2.3. Multi-User Localization

While typical SLAM-based solutions assume a single user, recent developments in AR frameworks, such as Google’s ARCore / Cloud Anchors, Apple’s ARKit and Microsoft’s Spatial Anchors, have enabled multi-user capabilities. In these systems, each AR device individually performs SLAM to capture the visual features of the physical space relative to its local coordinate system. The users then share these visual maps to establish a common coordinate system and estimate the pose of other users. To share these maps between the users, Google ARCore uses a cloud-based architecture, which combines these maps centrally and sends the updated maps to all the users. However, Apple ARKit uses a peer-to-peer architecture, where the host of the AR session shares its current map with the users joining the session. However, any of these techniques impose significant communication overhead (Ran et al., 2019). These maps consist of dense visual features, 3D meshes, or raw point clouds, which are usually large and difficult to transfer. In addition, these map matching approaches assume a significant overlap between all of the users, which becomes unwieldy in terms of network traffic and computation in large areas. On the other hand, in search and rescue environments, where multi-user AR can bring significant added value, users are often purposefully taking disjoint paths through the environment to improve coverage, thus making map matching much more challenging and substantially increasing the convergence time.

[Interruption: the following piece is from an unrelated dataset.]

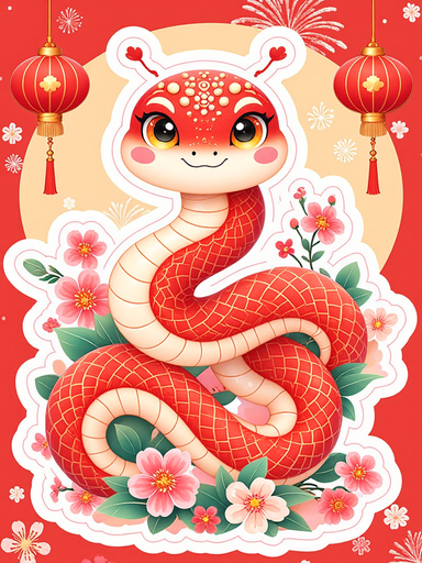 2025蛇年新春至—ai—新年主题贴纸插画场景图案

2.4. Relative Localization

Traditional localization systems typically have the goal of estimating the ”absolute” location in a fixed coordinate system that is mapped to the physical space using external systems. In this sense, the idea of ”localization” is inherently tied to the existence of some form of infrastructure from which to base the measurements. However, reliance on infrastructure is infeasible in many AR scenarios, especially in the presence of multiple users. In these cases, it is instead possible to determine the relative locations between users to establish a common coordinate system for multi-user AR applications. For example, to display a virtual overlay of a target on the screen, only the knowledge of the target’s position relative to the display system is required.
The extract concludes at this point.